= Goal of the exercise =
A verbatim copy of the listing is the expected output.

------------------------------

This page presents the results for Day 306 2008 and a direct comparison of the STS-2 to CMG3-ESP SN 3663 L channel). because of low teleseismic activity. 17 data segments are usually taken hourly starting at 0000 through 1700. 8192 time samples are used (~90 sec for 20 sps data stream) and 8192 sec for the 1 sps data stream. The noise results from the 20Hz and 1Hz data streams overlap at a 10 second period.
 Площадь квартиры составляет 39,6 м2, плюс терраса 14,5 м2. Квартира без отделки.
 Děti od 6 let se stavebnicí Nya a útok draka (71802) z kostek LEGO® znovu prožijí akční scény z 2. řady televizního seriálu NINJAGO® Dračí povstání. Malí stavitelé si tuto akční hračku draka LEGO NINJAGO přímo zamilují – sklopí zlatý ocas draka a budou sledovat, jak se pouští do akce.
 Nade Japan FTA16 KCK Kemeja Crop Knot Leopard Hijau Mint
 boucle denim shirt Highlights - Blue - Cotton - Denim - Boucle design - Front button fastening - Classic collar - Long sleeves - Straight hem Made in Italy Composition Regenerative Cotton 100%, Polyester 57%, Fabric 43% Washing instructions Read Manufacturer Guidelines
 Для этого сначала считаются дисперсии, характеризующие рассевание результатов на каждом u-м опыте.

------------------------------

= Solution below =
This page presents the results for Day 306 2008 and a direct comparison of the STS-2 to CMG3-ESP SN 3663 L channel). because of low teleseismic activity. 17 data segments are usually taken hourly starting at 0000 through 1700. 8192 time samples are used (~90 sec for 20 sps data stream) and 8192 sec for the 1 sps data stream. The noise results from the 20Hz and 1Hz data streams overlap at a 10 second period.
 Площадь квартиры составляет 39,6 м2, плюс терраса 14,5 м2. Квартира без отделки.
 Děti od 6 let se stavebnicí Nya a útok draka (71802) z kostek LEGO® znovu prožijí akční scény z 2. řady televizního seriálu NINJAGO® Dračí povstání. Malí stavitelé si tuto akční hračku draka LEGO NINJAGO přímo zamilují – sklopí zlatý ocas draka a budou sledovat, jak se pouští do akce.
 Nade Japan FTA16 KCK Kemeja Crop Knot Leopard Hijau Mint
 boucle denim shirt Highlights - Blue - Cotton - Denim - Boucle design - Front button fastening - Classic collar - Long sleeves - Straight hem Made in Italy Composition Regenerative Cotton 100%, Polyester 57%, Fabric 43% Washing instructions Read Manufacturer Guidelines
 Для этого сначала считаются дисперсии, характеризующие рассевание результатов на каждом u-м опыте.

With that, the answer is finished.